**INFORMATION**
==================================================

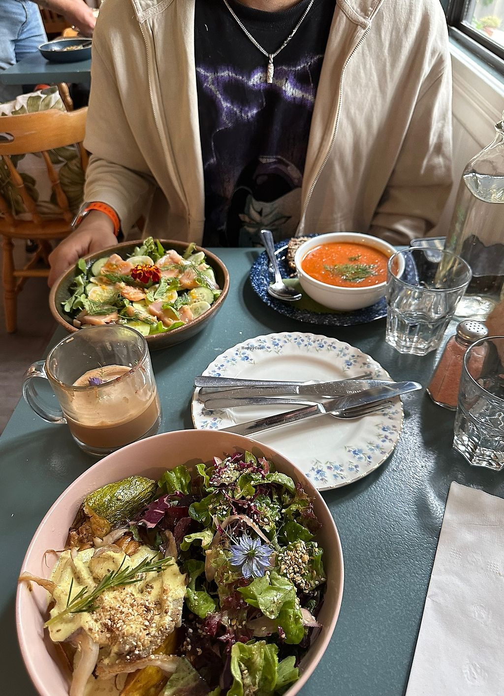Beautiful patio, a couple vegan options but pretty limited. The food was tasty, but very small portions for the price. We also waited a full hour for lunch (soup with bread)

==================================================

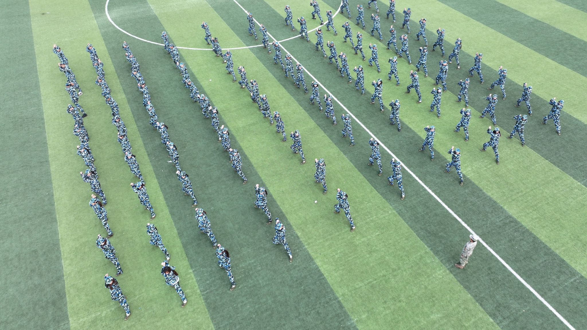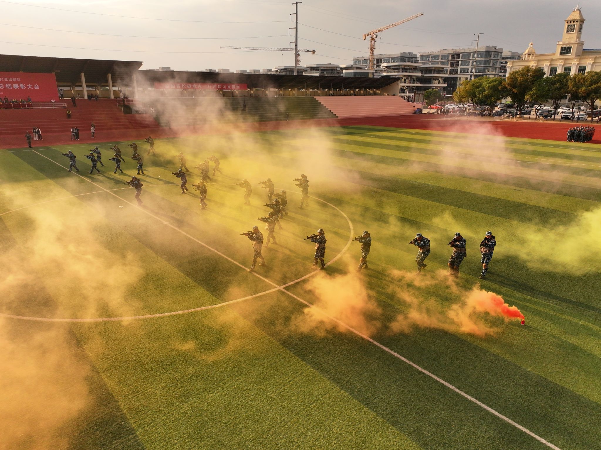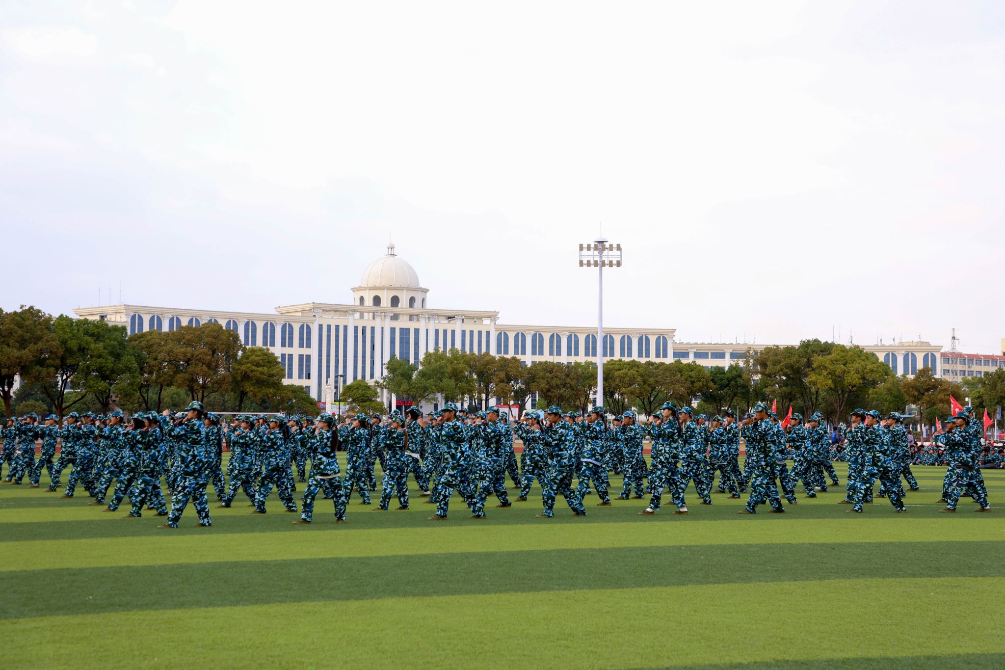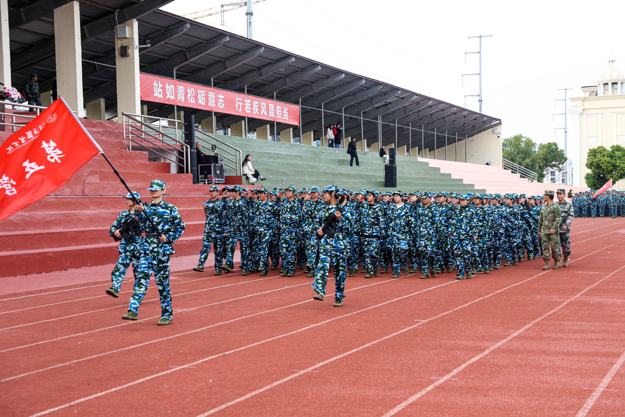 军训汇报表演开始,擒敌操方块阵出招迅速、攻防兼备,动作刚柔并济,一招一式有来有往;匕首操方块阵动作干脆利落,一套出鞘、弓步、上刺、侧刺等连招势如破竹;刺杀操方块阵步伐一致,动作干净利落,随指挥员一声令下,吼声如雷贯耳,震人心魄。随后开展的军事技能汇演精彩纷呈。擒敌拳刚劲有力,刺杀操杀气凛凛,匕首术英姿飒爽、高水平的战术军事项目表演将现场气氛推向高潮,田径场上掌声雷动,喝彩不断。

==================================================

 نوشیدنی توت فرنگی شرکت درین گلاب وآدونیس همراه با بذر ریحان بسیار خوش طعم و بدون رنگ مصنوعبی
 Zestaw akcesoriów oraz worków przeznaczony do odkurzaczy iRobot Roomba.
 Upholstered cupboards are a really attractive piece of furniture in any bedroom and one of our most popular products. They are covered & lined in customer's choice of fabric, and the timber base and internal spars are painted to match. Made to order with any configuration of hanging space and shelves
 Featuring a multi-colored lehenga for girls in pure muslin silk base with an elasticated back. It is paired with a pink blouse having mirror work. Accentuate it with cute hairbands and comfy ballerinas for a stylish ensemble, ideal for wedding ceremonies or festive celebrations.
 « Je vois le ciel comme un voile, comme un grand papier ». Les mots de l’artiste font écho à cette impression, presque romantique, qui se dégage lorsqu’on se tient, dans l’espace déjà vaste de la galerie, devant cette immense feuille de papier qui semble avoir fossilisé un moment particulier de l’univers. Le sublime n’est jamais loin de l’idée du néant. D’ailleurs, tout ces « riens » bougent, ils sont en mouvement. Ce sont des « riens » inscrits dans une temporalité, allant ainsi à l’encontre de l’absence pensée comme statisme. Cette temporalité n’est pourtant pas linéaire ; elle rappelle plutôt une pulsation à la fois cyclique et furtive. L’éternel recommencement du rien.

==================================================

**REQUIRED ACTION**
Reproduce exactly, and only, the part of the listing above that begins at the line with "نوشیدنی توت فرنگی" and goes on through the line with "Upholstered cupboards are".

**TASK SOLUTION**
 نوشیدنی توت فرنگی شرکت درین گلاب وآدونیس همراه با بذر ریحان بسیار خوش طعم و بدون رنگ مصنوعبی
 Zestaw akcesoriów oraz worków przeznaczony do odkurzaczy iRobot Roomba.
 Upholstered cupboards are a really attractive piece of furniture in any bedroom and one of our most popular products. They are covered & lined in customer's choice of fabric, and the timber base and internal spars are painted to match. Made to order with any configuration of hanging space and shelves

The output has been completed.